Here’s the way the industry actually works, written from the perspective of a fellow who has been working with energy companies for about three decades: When federal lands go up for lease, companies bid on them with an eye toward possible long-term production. There’s no guarantee that a particular area will yield enough oil or gas to generate a profit, so every lease involves what is more or less an educated gamble.
It should be noted that Outer Continental Shelf (OCS) lease areas are, in the scheme of things, pretty small. (These are the deepwater areas in the Gulf and along the Atlantic coast). Accordingly, it’s common for bidders to secure leases to multiple leases covering contiguous areas. The flip side of that strategy is that if the lease-holder performs some further exploration and determines that one lease area isn’t profitable, then he will not pursue contiguous lease areas. This means large swaths of potential production areas will ultimately go untapped.
It should also be understood that energy companies don’t bid on a lease because they know that they’ll find oil or gas — they bid because they believe there’s a possibility that they might find oil or gas. When Reid, Salazar, Menendez and the rest of the left tries to paint a picture that suggests energy companies are deliberately sitting on known reserves, they’re being intentionally disingenuous or willfully ignorant. No one outside of OPEC is going to sit on proven, profitable reserves in this market.

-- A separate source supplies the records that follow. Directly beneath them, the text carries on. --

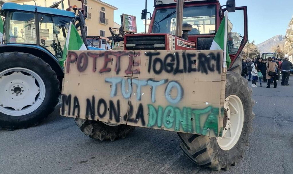 di Federica Grisolia – Anche a Castrovillari monta la protesta degli agricoltori, così come in varie località d’Italia. Tanti, infatti, i presidi e le manifestazioni in programma oggi (giovedì 1° febbraio) in diverse città. Una protesta che è andata sempre più allargandosi (dalla Francia, Germania, Romania, Belgio, Polonia e ora anche in Italia), contro le politiche agricole dell’Europa e le scelte dei governi, le tasse, il rincaro delle materie prime, il gasolio, i costi energetici alle stelle, la svendita dei terreni. A lanciare l’allarme, a bordo dei loro trattori – oltre un centinaio – gli agricoltori, che hanno percorso, in una lunga marcia da Spezzano Albanese fino a raggiungere le strade principali di Castrovillari e il centro della città, sotto la sede della Coldiretti. “La nostra fine sarà la vostra fame”. “L’UE ha ucciso l’agricoltore”. “No agricoltori, no cibo, no futuro”. “L’agricoltura è la vita di tutti”. Questi alcuni dei cartelli esposti durante il corteo, che denunciano costi di produzione ormai ingestibili e una condizione divenuta ormai insostenibile e senza futuro.
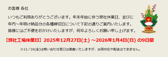 ②年末年始に伴う休業日とご注文の締め時間・出荷に関するご案内(2025年10月作成)
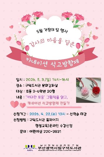 [경남도민뉴스=김채연 기자] 부산광역시립구덕도서관은 다음달 3일 도서관 문화강좌실에서 초등학교 3~6학년 20명을 대상으로 ‘감사의 마음을 담은 카네이션 석고방향제’ 체험을 운영한다.
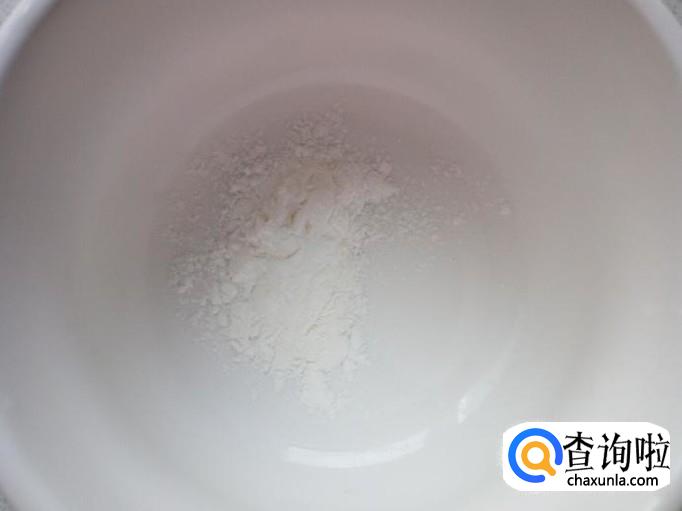 碗里放入一小匙儿淀粉,兑水,勾成薄芡。
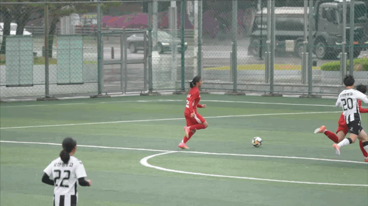 4月20日下午,集训队与韩国京畿道乌山信息高中女队展开交流赛。乌山信息高中是京畿道地区的女足传统学校,曾获韩国高中女足联赛冠军,在2026年春季大赛中获得全国第8名,主场作战实力强劲。比赛前突降大雨,气温骤降,乌山高中队以17-18岁球员为核心,平均年龄较我方大2岁。但雏凤小将们不惧强敌、敢抢敢拼,认真贯彻教练意图。
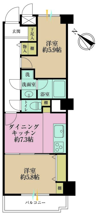 バルコニー / ワイドバルコニー / 南面バルコニー / バス・トイレ別 / 浴室乾燥機 / 温水洗浄便座 / シャワー付洗面化粧台 / 独立洗面台 / 脱衣所あり / 洗濯機置き場(室内) / 洗濯機置き場(有) / シューズボックス / 全居室収納
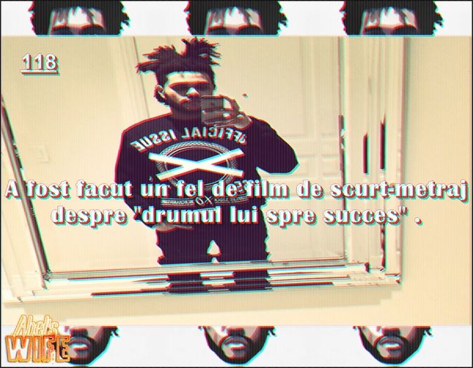 Wow...Am citit câteva din ele,dar le voi citit pe toate.Deoarece sunt foarte interesante.Abel e un om minunat,îl ador,pur şi simplu.A trăit fără tată,săracul..Cred că a fost foarte greu pentru el.Mă bucur să aflu de unde vine numle 'The Weeknd',foarte tare!Sunt super geniale toate,le voi citit în continuare pe toate.Felicitări pentru munca depusă pentru poze,edit,scrisul pe poze.Respect!
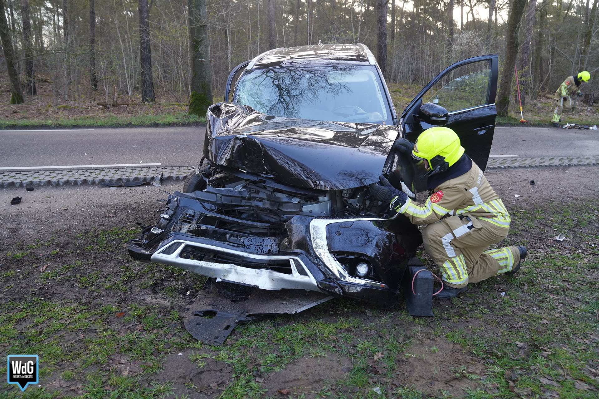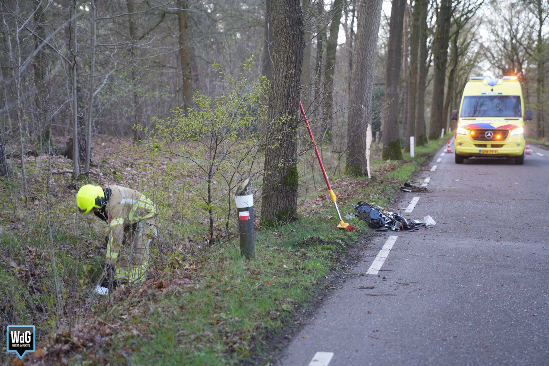 De bestuurder verloor door een nog onbekende oorzaak de macht over het stuur en kwam vervolgens tegen een boom tot stilstand. Omdat er mogelijk sprake was van beknelling, werd ook de brandweer opgeroepen. Enkele voorbijgangers stopten om direct hulp te verlenen.
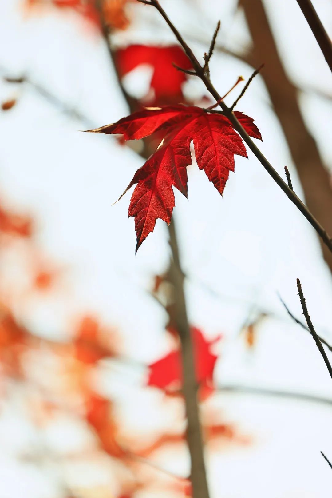 几片红叶孤零零挂地在枝头,宣告冬的来临。
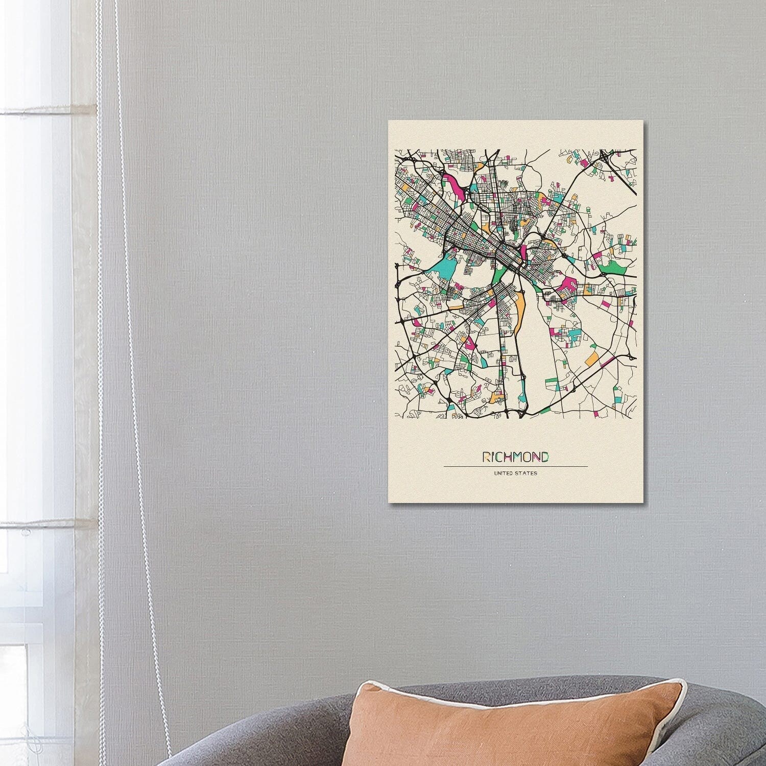 iCanvas "Richmond, Virginia Map" by Ayse Deniz Akerman Canvas Print
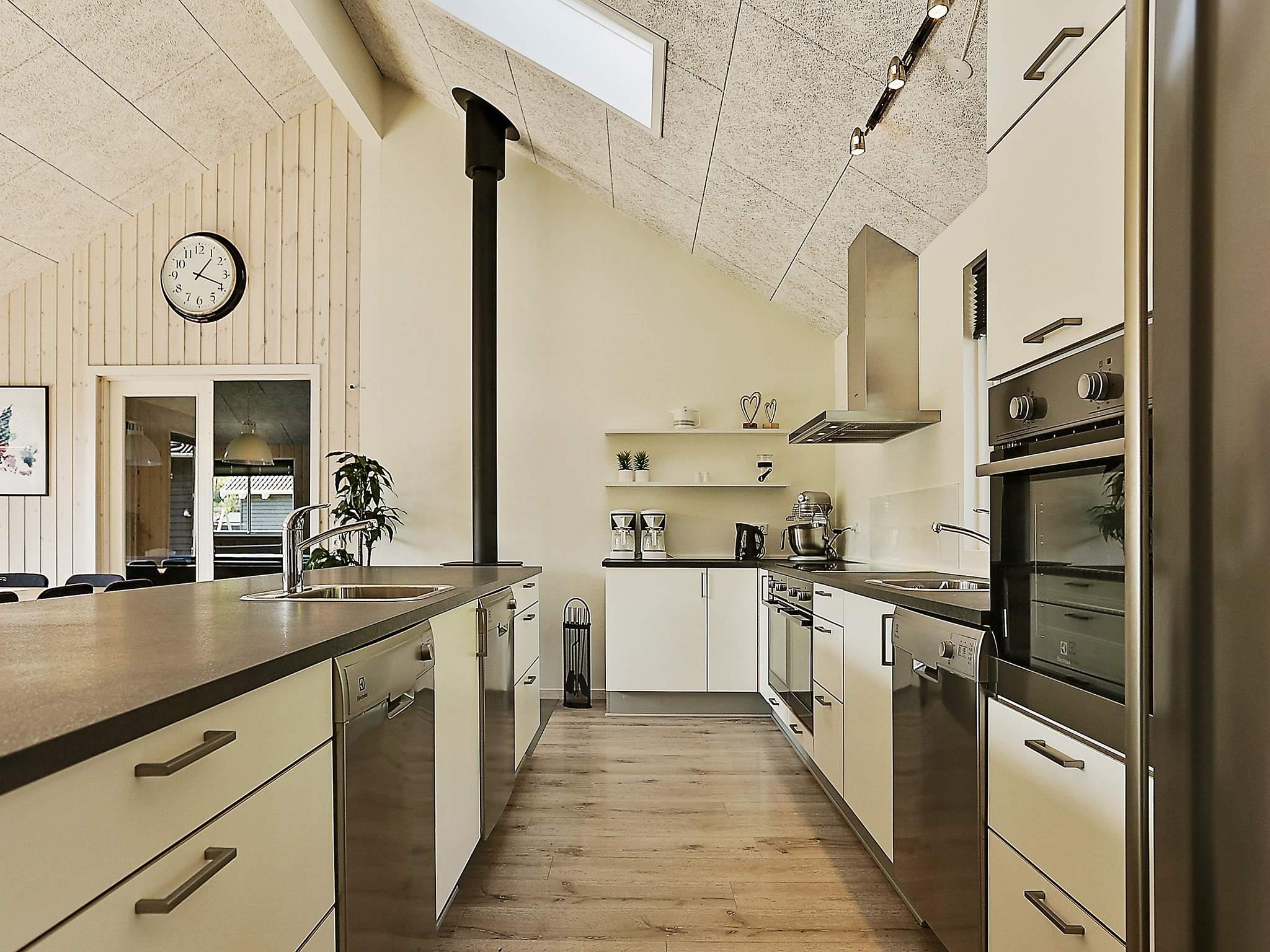 I det gennemtænkte køkken er der 2 køleskabe, 1 fryser og 3 opvaskemaskiner. Spise-/opholdsrum er smagfuldt indrettet med fladskærms-tv, dvd-afspiller, høj barnestol, sofaafdeling og brændeovn. 8 soveværelser med boksmadrasser i alle sengene. Derudover 2 store og rummelige hemse. En sovehems med boksmadrasser og en legehems med sækkestole og tv.
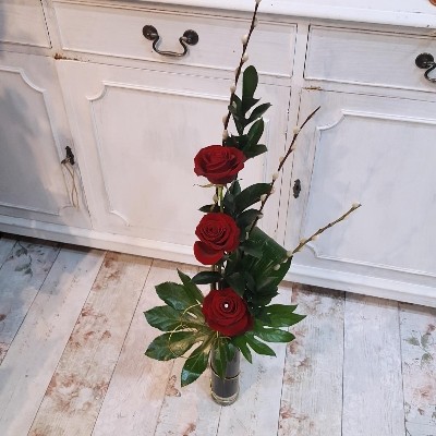 This timeless love vase includes three red roses and was designed in house by one of our Award Winning Team.
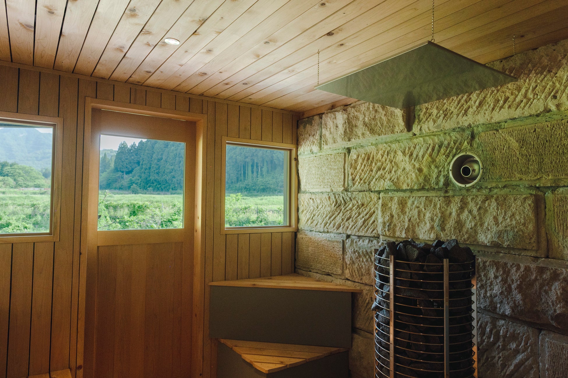 サウナ室には石川県産ヒバ、滝ヶ原石を使用。自然の息吹を感じる静かな空間が、深いリラックスへと導きます。 -
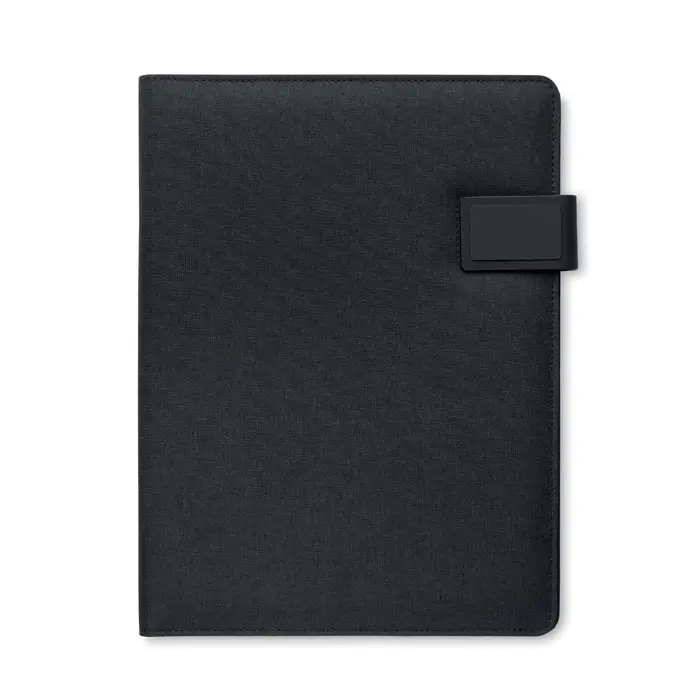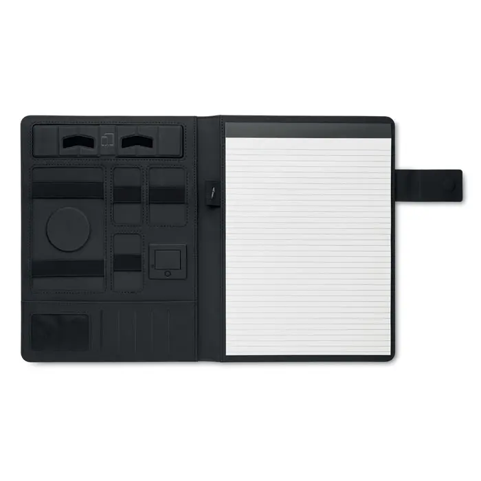 A4 konferencijska mapa s koricama od lanenog PU-a powerbank 5000 mAh i magnetski bežični punjač 15W blok od 20 liniranih listova više unutarnjih pretinaca magnetsko zatvaranje elastični držač za olovku
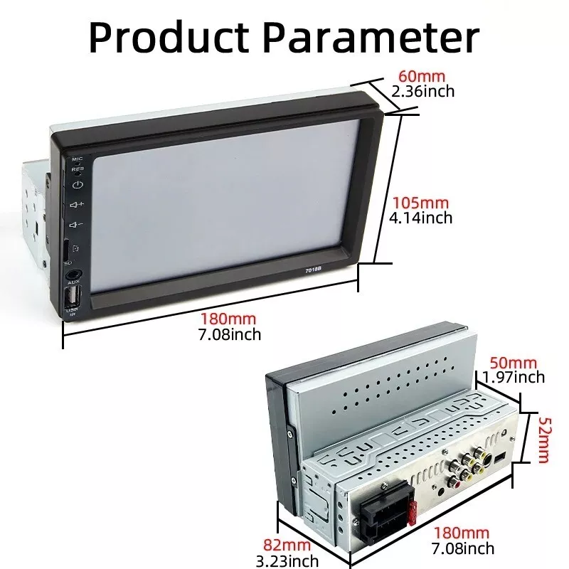 3-7 Days Fast Deliver In USA Specification: Bluetooth 2.0 Supports advanced audio distribution profile Off-time display function High quality digital FM stereo radio Preset 18 stations ( frequency: 87.5-108 MHz ) Supports USB / SD / MMC card reader Supports Audio: MP3 / WMA / APE / FLAC / WAV etc. Supports folder function Supports break points and ID3 Play Supports remote control Rotary volume controlMP3 randomized, 10 track up / down playback Electronic control volume treble, bass, balance and fader Multiple EQ scene selection: Jazz, rock, pop, classical, etc. Mute and loud controlL / R RCA audio output jacks4-channel high power output ( 4 loud speaker ) Supports modes: BT / APE / WAV / WMA / MP3 / FM The remote control battery (not included): CR2025 3V Power Supply: 11 - 16V Transmitter frequency: 2468MHz Power output: 100mW Video in / out: PAL / NTSC composite video signal Working temperature: -20 - 70 degree Receiver sensitivity: -93dbm Input voltage: 12V
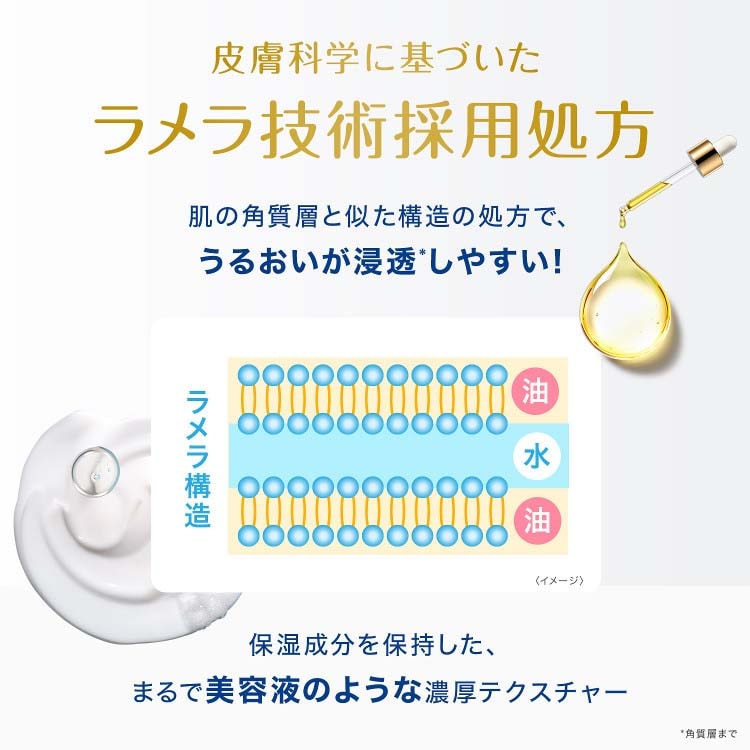 ●ラメラ技術採用処方となじませ洗いで、肌の奥(角質層)にうるおいを閉じ込める。
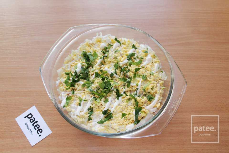 Завершите слои оставшимся луком и кальмарами, снова покройте майонезной сеткой, придавите все слои вилкой, утрамбовывая. Добавьте черного молотого перца.
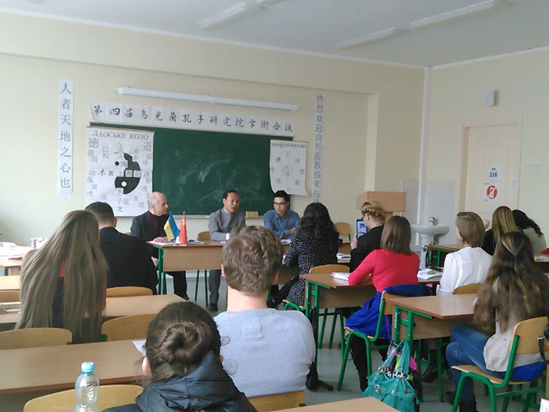 “乌克兰孔子学派:儒家思想的历史与现代”是乌克兰汉学研究的专题学术会议,由基辅鲍里斯·格里琴科大学主办,乌克兰从事汉学研究的相关学者参会,会议就中国传统儒家思想、中国文化的历史传承、中国传统思想在当代的应用等学术问题进行了深入研讨。由兴波老师在会议上特邀做了《以“德”为核心的中国传统思想建设》的学术报告,指出中国传统思想中一直重视“德治”,当今时代以“德”为核心的思想对民族性格和民族心理的形成起着至关重要的作用;在政治生活层面,对于治国安民、国家统一具有重要意义;在文化建设方面,既要弘扬民族文化,同时也应加强与世界文化的交流沟通。由兴波老师还同乌克兰的著名汉学家列扎年科·费达洛维奇等学者就相关的学术问题进行了深入探讨,回答了乌克兰学者、同学提出的问题,并介绍了91制片厂
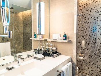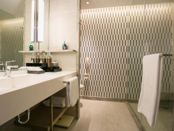 Великолепный отель, номер, душ. Вид из окна 49 этажа просто сказка! Шикарный завтрак в номер. В бассейн не успели сходить, на закат тоже не успели, к сожалению. Но коктейли с видом на 56 этаже были прекрасны.
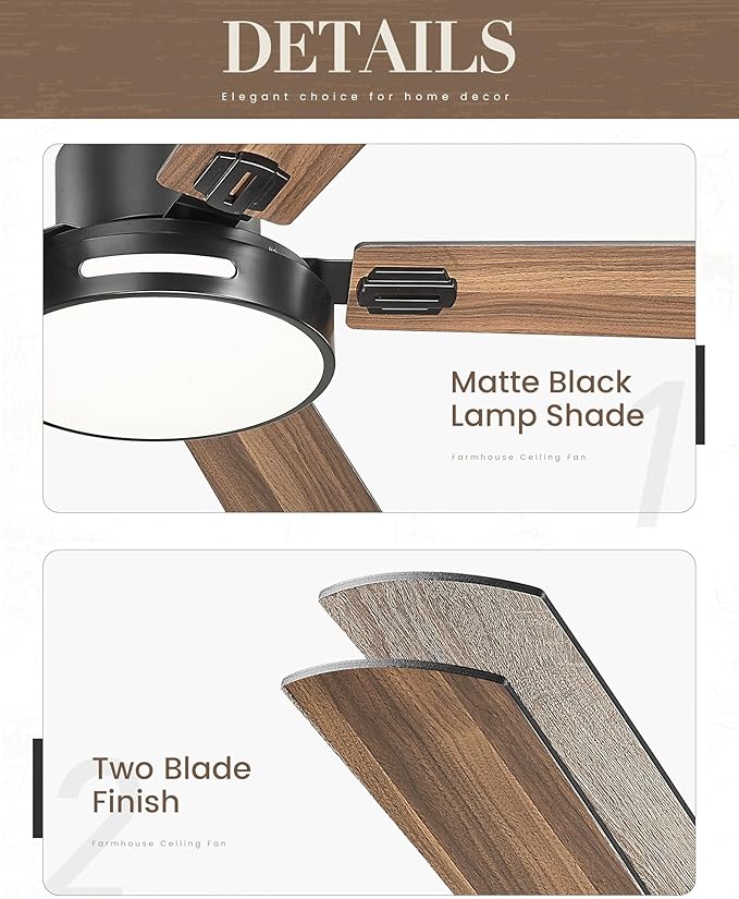 - Dual-Finish Wood Blades & Height Customization: Match any style with dual finish blades. Durable metal frame with adjustable downrod ensures optimal airflow in large spaces – ideal for master suites, covered patios, or open-concept living rooms
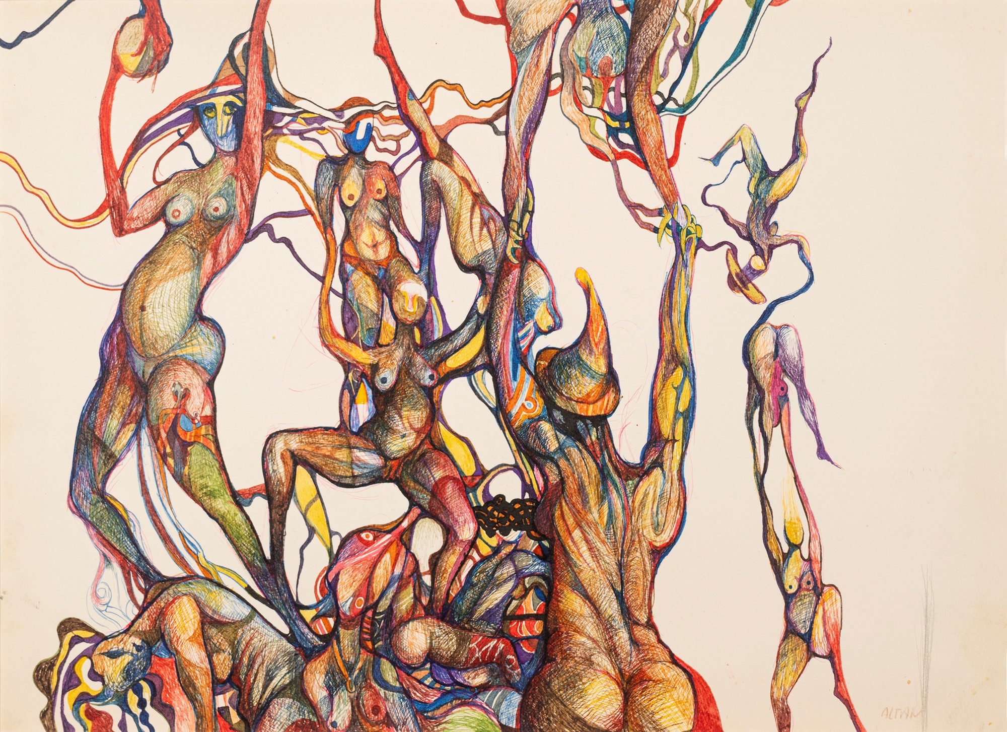 Rapidograph e pastelli su carta, 1968-1970.Rapidograph e pastelli su carta, 1968-1970.

Once an energy company secures a lease, the next step is conducting a seismic survey. This provides the company with a much greater level of surety that it can make a profit. Before it can conduct a seismic survey, the company must first obtain a permit. If the seismic survey looks promising, the company then must obtain an additional permit to drill exploratory wells. The farther along in this process the company goes, the more money it expends.
Right now, the Obama administration is severely restricting the issuance of permits to conduct seismic studies and to drill exploratory wells. The policy is commonly referred to as “permit-torium” within the energy industry. That is: while the Obama administration has not officially declared a moratorium on drilling, the fact that it has basically refused to issue permits for seismic studies and new drilling in all but a few cases effectively amounts to a moratorium.
But, let’s ignore all of the facts detailed above. Let’s pretend that energy companies are actually knowingly sitting atop of vast oil reserves that they stubbornly refuse to tap. Would we then need a “use it or lose it” law? The answer is no, because “use it or lose it” already exists. Public land energy leases have five to ten year terms (depending on the lease). If the lease-holder can’t produce oil or gas within that time, the lease expires.
And so the bottom line is this: not only does “use it or lose it” ignore the realities of energy production, it’s a superfluous concept. Energy companies are already subject to “use it or lose it.” The only thing standing in their way is an administration that demands the latter, without allowing the former.